Task to carry out: Repeat the data that follows exactly, starting at the line with "This page presents" and ending at the line with "此次配股之后,比如大股东孙宏斌的权益就会由原来的47.2%变成45.3%。", and leave out every picture.
(Records for processing Opens)
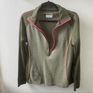Columbia Women's Olive Green Omni-wick Half Zip Pullover Pink Piping Size L
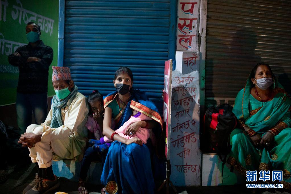 4月28日晚,人們在尼泊爾首都加德滿都的路邊等車,準備在封禁措施實施前離開加德滿都返回家鄉(xiāng)。
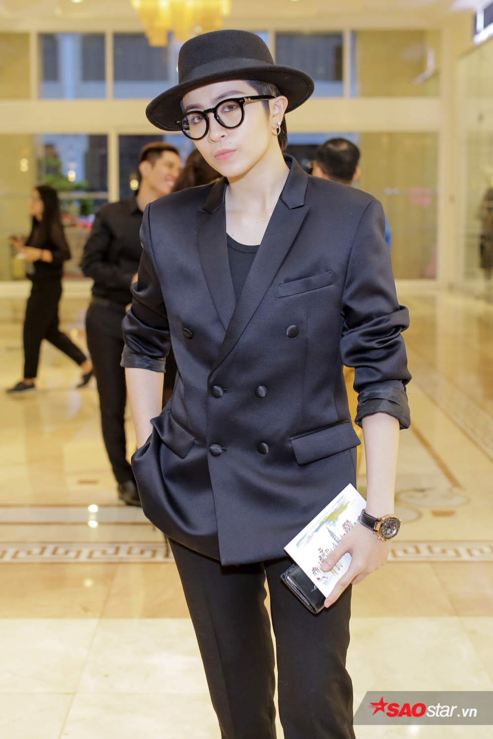 Gil Lê cực nam tính và cuốn hút với suit đen.
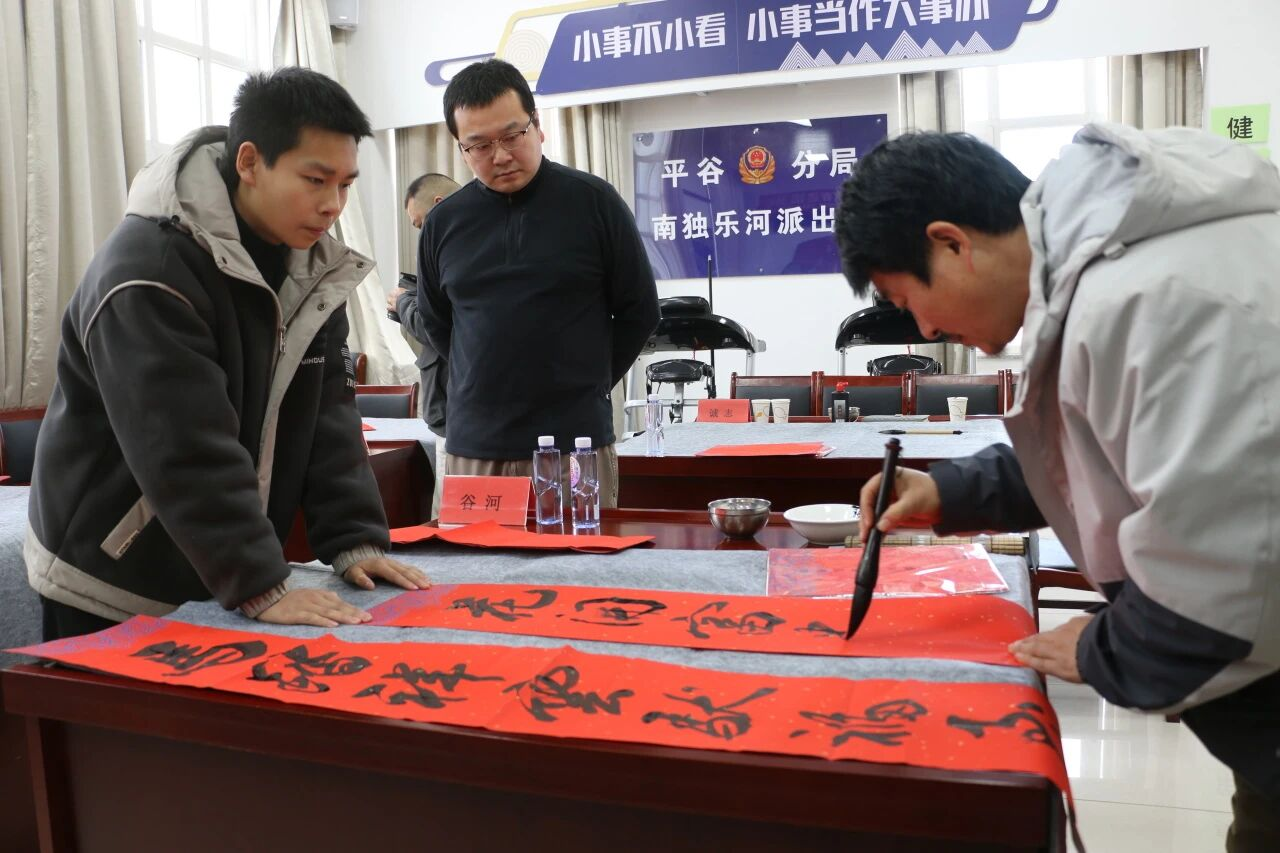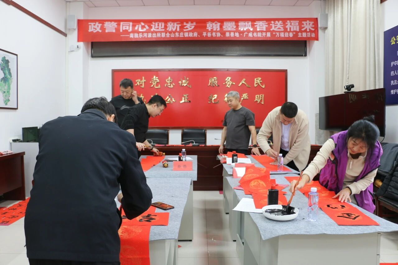 新春佳节来临之际,为表达对一线公安干警的崇高敬意与诚挚慰问,2月5日,山东庄镇文化服务中心联合平谷区书法家协会,到平谷公安分局南独乐河派出所开展“政警同心迎新岁 翰墨飘香送福来”文化活动,向常年坚守岗位、守护辖区平安的民警、辅警送上充满温情的新春文化礼物。
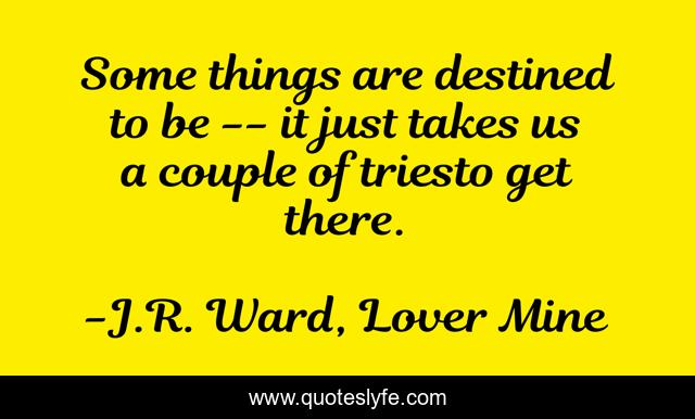 This page presents the quote "Some things are destined to be -- it just takes us a couple of triesto get there.". Author of this quote is J.R. Ward, Lover Mine. This quote is about destiny, fate,.
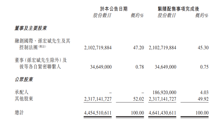 此次配股之后,比如大股东孙宏斌的权益就会由原来的47.2%变成45.3%。
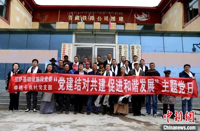 圖為拉薩基礎設施段黨員代表和申格卡崗村黨員代表合影。 馬生明 攝
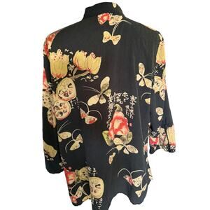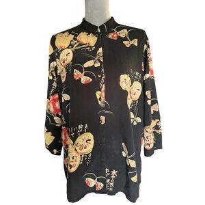 CITRON Santa Monica 100% Silk Asian Floral Lotus Print Blouse Top XL Black
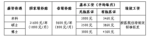 ①部分提供院內(nèi)住宿(獨立衛(wèi)生間、3人/間、上床下桌、優(yōu)惠政策100元/月/人、水電費自理);②購買五險一金,購買基數(shù)及標(biāo)準(zhǔn)同本院醫(yī)師;③薪資待遇(見下表)。
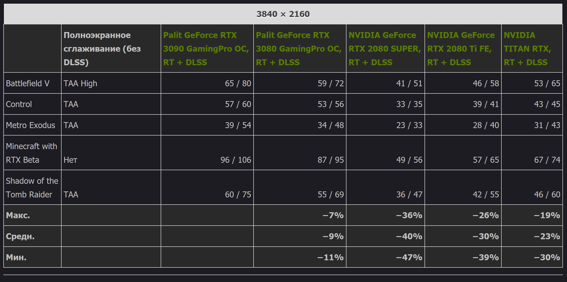GeForce RTX 3080 быстрее 2080 Ti всего лишь на 30%. А 2080s примерно на 50%. Nvidia снова обманула про двухкратную разни
(Records for processing Closes)
Answer for this exercise:
 This page presents the quote "Some things are destined to be -- it just takes us a couple of triesto get there.". Author of this quote is J.R. Ward, Lover Mine. This quote is about destiny, fate,.
 此次配股之后,比如大股东孙宏斌的权益就会由原来的47.2%变成45.3%。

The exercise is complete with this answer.